1. Amendment of the phrase "I acknowledge that you are dissatisfied at the result of this review, which concluded that 'the board are satisfied with the outcome of the interview and see to reason to change the scores".
In short, the applicant is seeking that this Office direct that the [Head of the Public Body]'s comment be amended on the grounds that the members of the board had no standing to conduct their review in the first place and furthermore, due to the inadequacy of their review, they had no reason to be satisfied with the outcome of the initial interview. While the applicant clearly feels that this Office is required assess these matters, such assessment would be outside the Office's remit. Having regard to the board's report, it is clear to me that it was satisfied with the outcome of its review, and that the [Head of the Public Body] had adequate factual evidence before him when stating his opinion that this was the case. I find the above statement does not warrant any amendment further to section 17 of the FOI Act, accordingly.
2. Amendment of the phrase "I am happy to confirm that, as recommended by me, a through review of how you were awarded marks at your POR interview took place ... ".
It is evident that the [Head of the Public Body] considers the interviewing panel to have conducted a thorough review of the applicant’s interview. His opinion can only be subject to amendment if the applicant demonstrates that the factual information underlying that opinion was totally inadequate; if there exists bias, ill will, incompetence, lack of balance or necessary experience in the [Head of the Public Body], or because of some other factor rendering his opinion dangerous to rely on.
Firstly, I do not consider there to be any evidence before me in support of any notion that there existed any bias, ill will, incompetence, lack of balance or necessary experience on the [Head of the Public Body]'s part.

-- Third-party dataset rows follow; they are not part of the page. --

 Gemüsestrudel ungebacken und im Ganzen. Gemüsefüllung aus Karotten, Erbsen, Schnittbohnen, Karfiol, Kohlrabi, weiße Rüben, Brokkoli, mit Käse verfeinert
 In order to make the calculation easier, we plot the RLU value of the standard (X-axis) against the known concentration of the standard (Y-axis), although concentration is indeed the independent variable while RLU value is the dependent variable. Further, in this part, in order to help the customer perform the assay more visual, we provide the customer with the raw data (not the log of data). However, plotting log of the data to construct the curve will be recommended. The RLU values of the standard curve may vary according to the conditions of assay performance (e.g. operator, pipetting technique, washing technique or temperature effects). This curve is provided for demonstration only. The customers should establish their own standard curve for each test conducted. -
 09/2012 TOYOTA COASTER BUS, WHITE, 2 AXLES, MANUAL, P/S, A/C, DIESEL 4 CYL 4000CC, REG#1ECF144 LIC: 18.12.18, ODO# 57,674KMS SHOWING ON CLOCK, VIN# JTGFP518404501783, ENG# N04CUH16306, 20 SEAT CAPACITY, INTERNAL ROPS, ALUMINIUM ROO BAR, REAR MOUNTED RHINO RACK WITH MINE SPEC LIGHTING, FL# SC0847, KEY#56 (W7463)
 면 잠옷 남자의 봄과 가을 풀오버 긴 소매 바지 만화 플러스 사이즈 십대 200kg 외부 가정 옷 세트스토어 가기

The applicant appears to contend that the [Head of the Public Body]'s opinion is based on an inadequate factual information: specifically that the report does not comment on whether or not the board had access to the presentation document, or on the appropriateness of marks awarded for relevant experience (notwithstanding the [Head of the Public Body]'s recommendation in this regard).
[The Public Body] states that the [Head of the Public Body] was satisfied that he had assigned the review to highly competent people whom he trusted to do what he directed in a right and honourable manner. He is stated as believing that, as nine people were initially interviewed, it would not have been difficult to recall the performance of the individual interviewees. [The Public Body] also states that the [Head of the Public Body] did not request a lengthy report, but that he had asked for a careful, methodical consideration of the marks awarded and a report to say whether or not the marks should be altered after such consideration. Accordingly, I do not consider it appropriate for me to find the fact, that the board's report may not contain as much detail as the applicant would like, to be sufficient proof of the contention that the factual information to which the [Head of the Public Body] had regard in forming his opinion was "totally inadequate" or that his opinion has been rendered dangerous on which to rely. I find the above statement does not warrant any amendment further to section 17 of the FOI Act, accordingly.

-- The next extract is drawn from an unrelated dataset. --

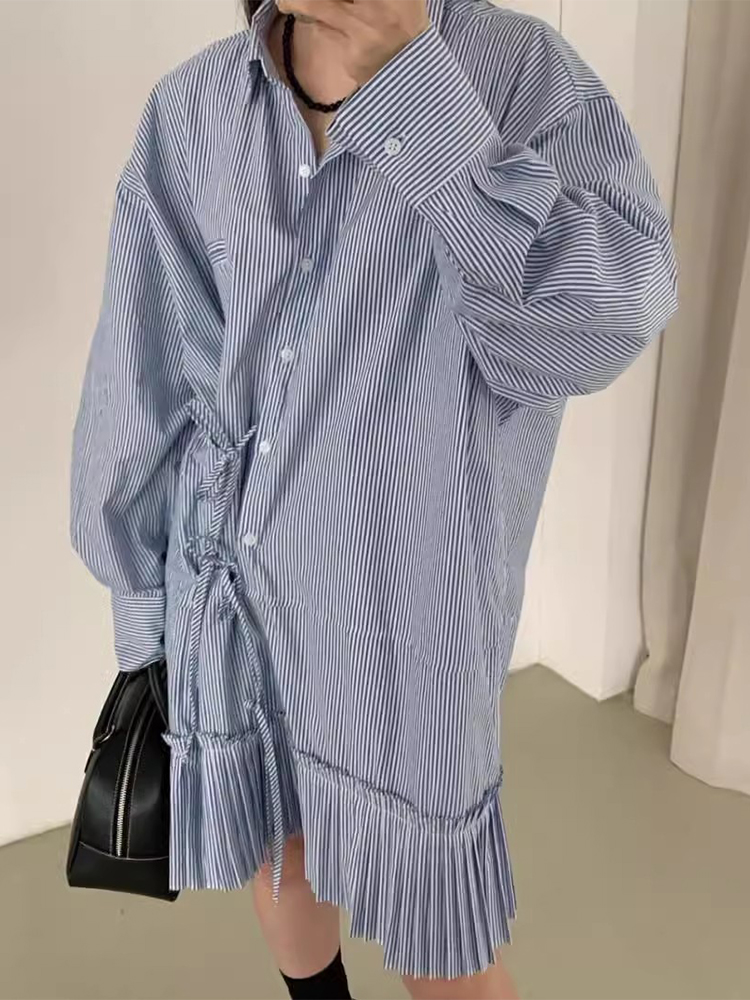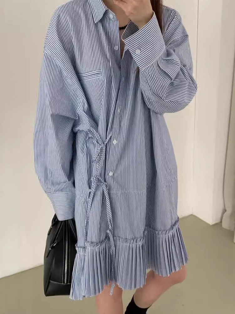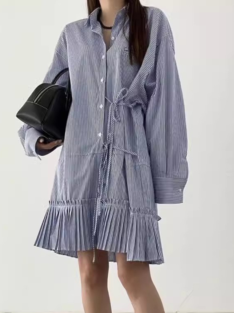 韩国chic秋季复古小众翻领侧边系带宽松拼接风琴褶长袖条纹连衣裙

Having carried out a review under section 34(2) of the FOI Act, I hereby affirm [the Public Body]'s refusal to amend the above excerpts of the letter sent to the applicant dated 4 December 2009.
A party to a review, or any other person affected by a decision of the Information Commissioner following a review, may appeal to the High Court on a point of law arising from the decision. Such an appeal must be initiated not later than eight weeks from the date on which notice of the decision was given to the person bringing the appeal.